For many years “proxy advisory” services have been provided by a duopoly comprising two companies, Glass Lewis and Institutional Shareholder Services, with a combined market share of 97 percent engendered by blatant political favoritism.
“Proxy advice” means recommendations to investors, retirement funds and large asset managers holding major stakes in public companies on how to vote on shareholder motions and other such proposals.
Because of deeply perverse recent rulemaking both formal and informal, at the Securities and Exchange Commission, the proxy advisory process has been transformed into one in which large institutional shareholders in a given company are virtually required to accept the recommendations of the proxy advisors. In particular, an important SEC rule (Rule 14a-8) has been changed to require firms to consider resolutions of “wider societal interest.” The upshot of this system: Utterly without statutory authority, this proxy advisory duopoly has become a de facto regulator of public companies.

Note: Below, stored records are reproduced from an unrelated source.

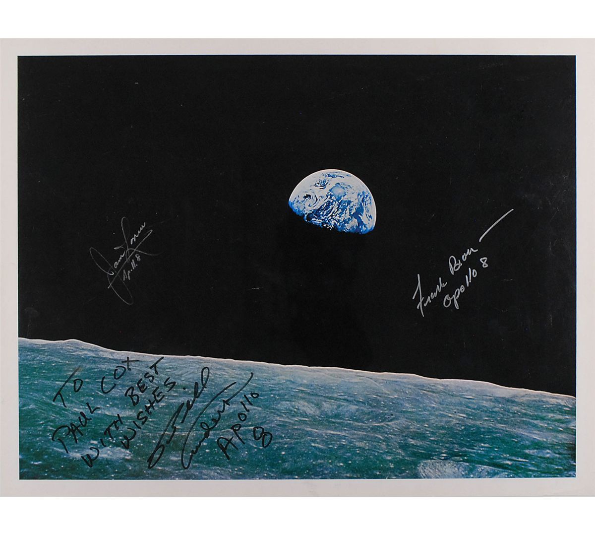 Breathtaking color 22 x 17 photographic print, featuring the earth rising from the lunar surface, signed and inscribed in black felt tip, “To Paul Cox, With Best Wishes, Bill Anders, Apollo 8,” and signed in silver ink, “James Lovell, Apollo 8,” and “Frank Borman, Apollo 8.” Scattered creases to the dark background and a few edge dings, otherwise fine condition. Rolled.
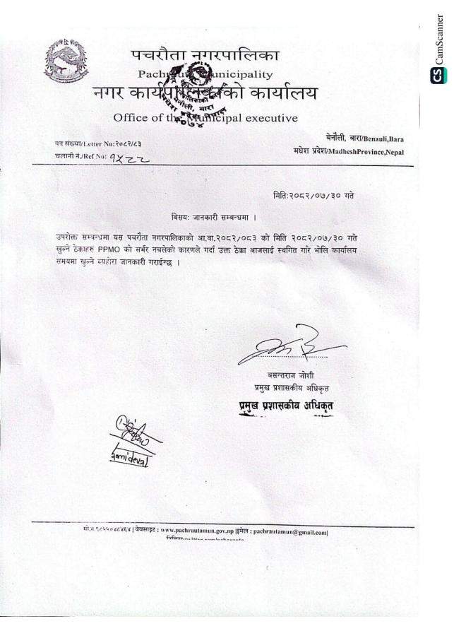 सार्वजनिक खरिद/बोलपत्र सूचना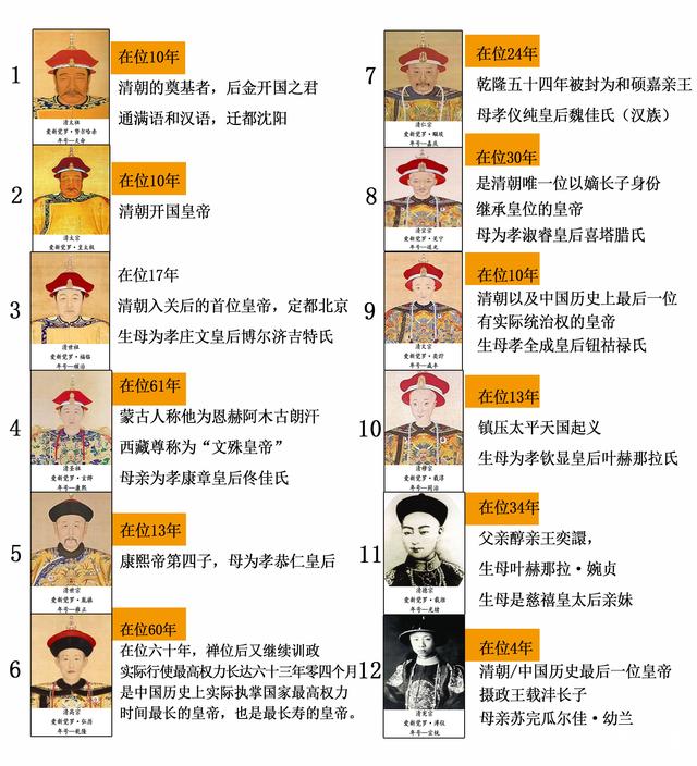 清朝十二位皇帝列表(清朝皇帝顺序表图,让我们一起了解清朝12帝的顺序)

The proxy advisors can make recommendations that do not affect their own financial interests. Accordingly, they have indulged their political preferences, with little concern for the interests of retirees and shareholders.
The result has been a wave of proxy proposals promoting “environmental, social, and governance” objectives, the central examples of which are various greenhouse gas and climate proposals, discrimination against fossil fuel investments, the pursuit of racial and gender quotas for corporate boards, and other such pursuits of political objectives with other people’s money.

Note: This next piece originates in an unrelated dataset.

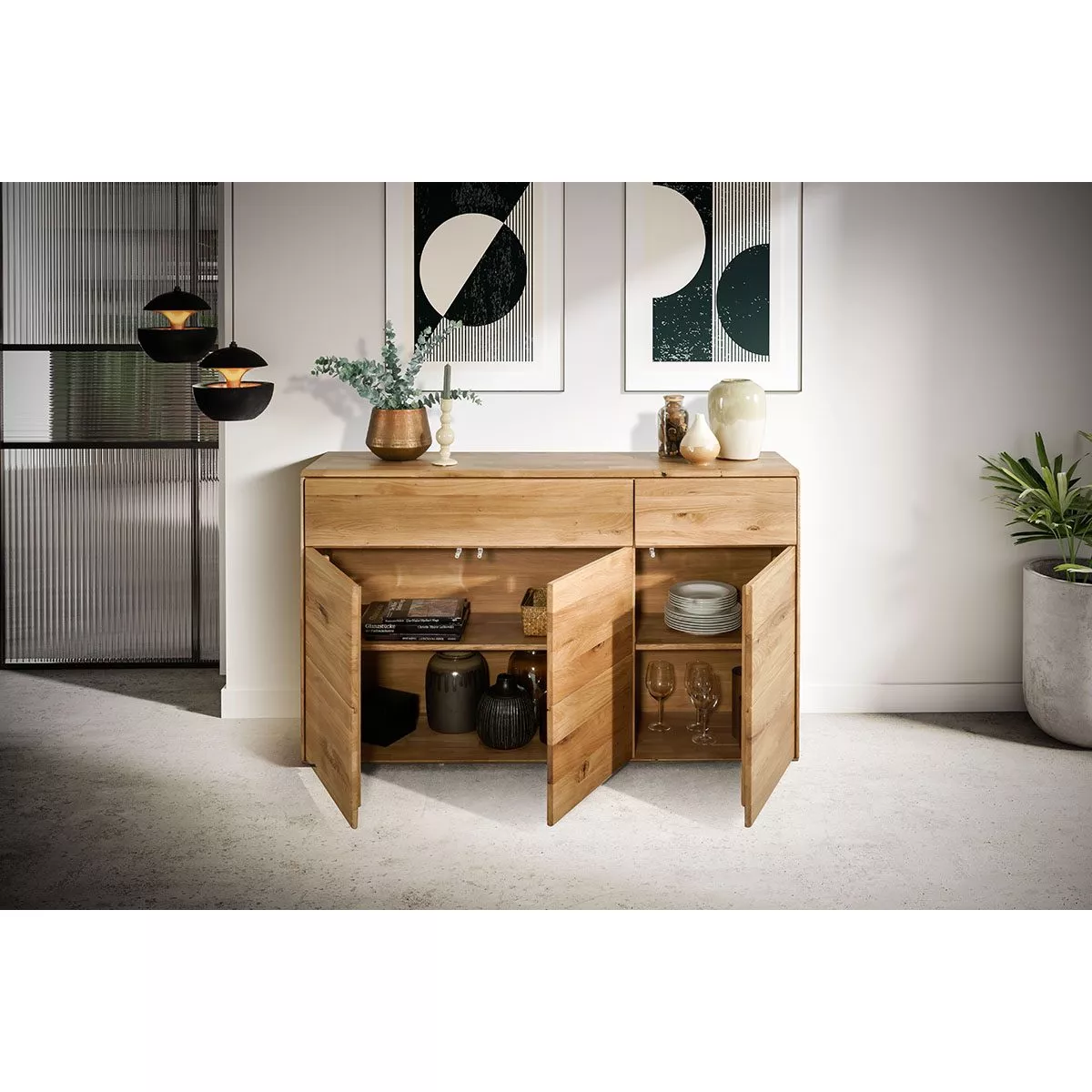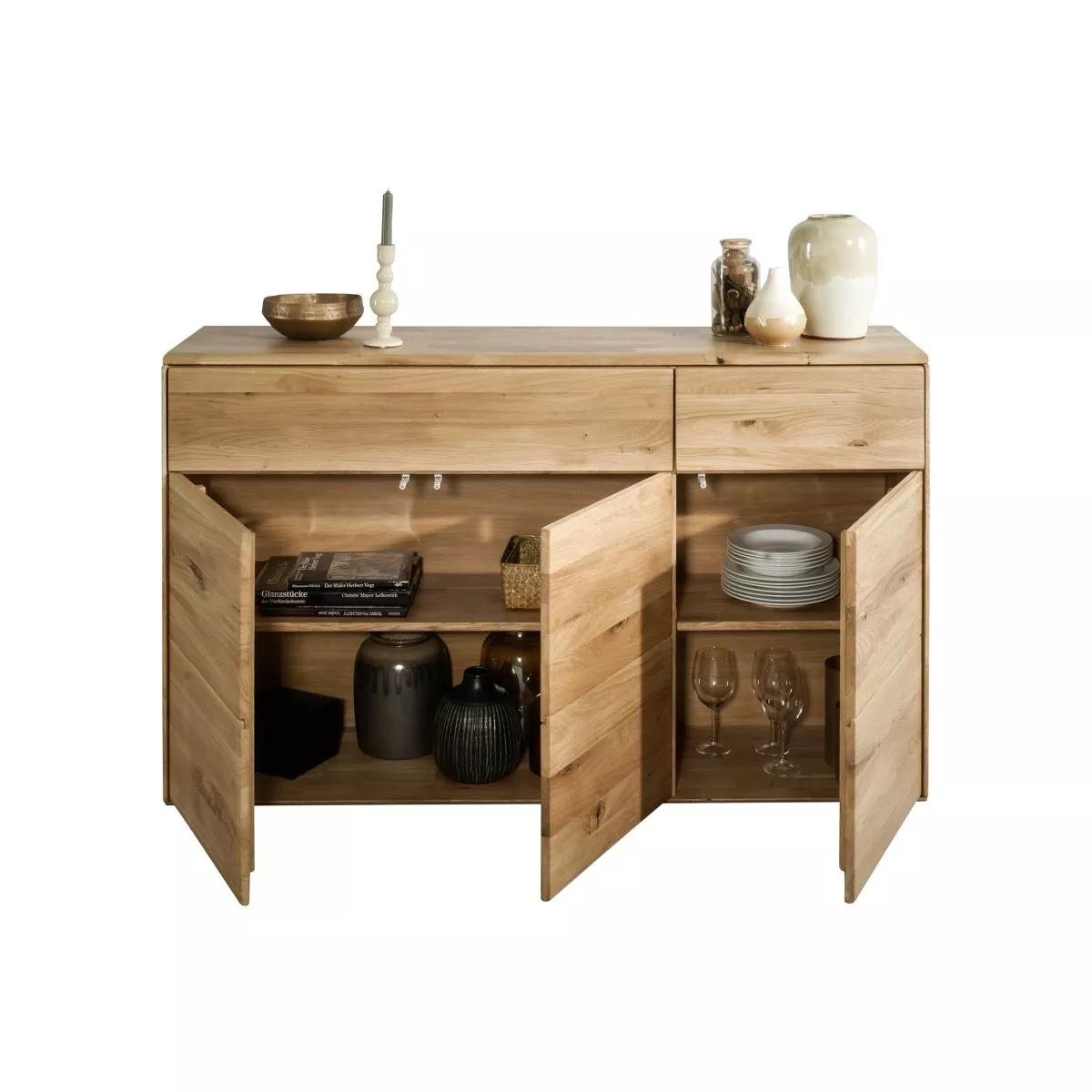 Die Genf Kommode ist mit ihrem zeitlosen Design ein Allrounder und bietet viel flexibel einsetzbaren Stauraum. Hinter den zwei Türen auf der linken Seite befinden sich zwei großzügige Fächer, die durch einen Einlegeboden getrennt sind. Hinter der rechten Tür befindet sich ein Abteil, das ebenfalls durch einen Fachboden enthält. Hier finden beispielsweise Geschirr oder Tischwäsche üppigen Platz. In den zwei Schubkästen darüber lassen sich Besteck oder Schreibutensilien ordentlich verstauen.

The blowback against this expansion of the ESG game has become formidable, an outcome unsurprising precisely because ESG represents a fundamental threat to the financial interests of large numbers of investors, retirees and firms.
Because retirement funds and institutional investors have fiduciary responsibilities to their clients, litigation has loomed large as a threat to the pursuit of ESG objectives, and various states have threatened litigation and disinvestment over such efforts to dilute the fiduciary responsibilities of pension funds and to discriminate against important local industries.
The three largest asset managers — BlackRock, State Street and Vanguard — already have retreated from their previous enthusiasm for ESG investing. In its 2023 annual stewardship report, BlackRock reported that it had supported only 7 percent of environmental and social resolutions, down from 22 percent in the previous cycle. Similarly, a 2022 report from ShareAction, reviewing the world’s largest asset managers’ voting records on ESG, shows that Vanguard and State Street supported only 10 and 29 percent of ESG shareholder resolutions, respectively. In 2023, support dropped even lower.
In a major new development, BlackRock has announced that it is adding Egan Jones as a third proxy advisor option, expanding its voting choice initiative by adding two new Egan Jones proxy policies, one of which “does not prioritize environmental or social goals.”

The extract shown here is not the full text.